DBT shines in women with breast cancer history

2021 06 29 20 04 5147 Breast Mammo Computer 400

Digital breast tomosynthesis (DBT) may be the best option for categorizing possibly benign lesions in women with a personal history of breast cancer, according to research published April 12 in the American Journal of Roentgenology.

A team led by Lily Offit from Harvard Medical School found that compared with full-field digital mammography (FFDM), DBT showed a significantly higher frequency and lower malignancy rate for BI-RADS 3 assessments, as well as a higher malignancy rate for BI-RADS 4 assessments.

"Our findings support the use of DBT, including in patients with a history of breast cancer," said corresponding author Dr. Sona Chikarmane from Brigham and Women's Hospital to AuntMinnie.com.

BI-RADS 3 lesions have a malignancy rate of 2% or less, according to previous studies. Women in this category are recommended to undergo short-interval follow-up imaging at six, 12, and 24 months, which could add stress or be a financial burden.

The researchers pointed out that with DBT's use on the rise, BI-RADS 3 assessments have reduced relative to FFDM, with calcifications being the main mammographic finding.

Women with a personal history of breast cancer are at risk for recurrent or second breast cancers. Previous research suggests that DBT may lead to lower recall rate and a lower rate of false-positive findings in these women. The researchers wrote that due to these women having an increased relative risk for breast cancer, assessing for BI-RADS 3 cases here "demands special consideration."

Offit and co-authors wanted to compare the frequency, outcomes, and additional characteristics of BI-RADS category 3 assessments between FFDM and DBT in women with a personal history of breast cancer.

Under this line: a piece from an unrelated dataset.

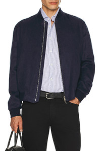 Details - Self: 100% linen - Lining: 55% silk, 45% cotton - Dry clean only - Two-way front zipper closure - Side pockets and dual interior chest pockets - Ribbed trim - Midweight linen fabric - Made in Italy - Our Style No. ZGNF-MO25 - Manufacturer Style No. RUFT54A9-F145

They looked at retrospective data from 14,845 mammograms in 10,118 women with an average age of 61.8 years, all of whom had a personal history of breast cancer and had undergone mastectomy or lumpectomy. Out of the total, 8,422 exams were performed by FFDM from 2014 to 2016, and 6,423 exams were performed by FFDM with DBT from 2017 to 2018. The latter followed interval conversion of the center's mammography units.

The researchers found that DBT led to lower frequency of BI-RADS 3 assessment and lower malignancy rate for such lesions compared with mammography.

Comparison between DBT, full-field digital mammography
  Mammography DBT p-value
Frequency of BI-RADS 3 assessment 6.4% 5.6% 0.05
Malignancy rate for BI-RADS 3 lesions 5.0% 1.8% 0.04
Malignancy rate for BI-RADS 4 lesions 23.2% 32.0% 0.03
Malignancy rate for BI-RADS 5 lesions 75% 100% 0.02

The researchers also analyzed index category 3 lesions, which included 438 lesions for FFDM and 274 for DBT, respectively. They reported that DBT had a lower percentage of biopsied lesions with a malignant diagnosis compared to mammography, 13.9% to 36.1% (p = 0.02). Additionally, DBT showed more frequent mammographic finding type of mass compared to mammography, 33.2% to 23.1% (p = 0.003).

Chikarmane said that these results may be because there is a greater conspicuity of benign-appearing masses on DBT than on digital mammography.

"The interpreting radiologist may have recommended follow-up imaging for these benign-appearing masses due to the concern for second cancers in patients with a personal history of breast cancer and an associated abundance of caution," she told AuntMinnie.com.

The study authors suggested that these insights could help in establishing whether BI-RADS 3 assessments in these women are within benchmarks for early detection of second cancers and reduction of benign biopsies.

"The study's findings have clinical relevance given the inclusion of BI-RADS category 3 assessment in the basic clinical audit in the upcoming edition of the BI-RADS manual," the authors wrote.

Chikarmane added that more research will be needed on BI-RADS 3 usage in all patient populations, including those using MRI and ultrasound.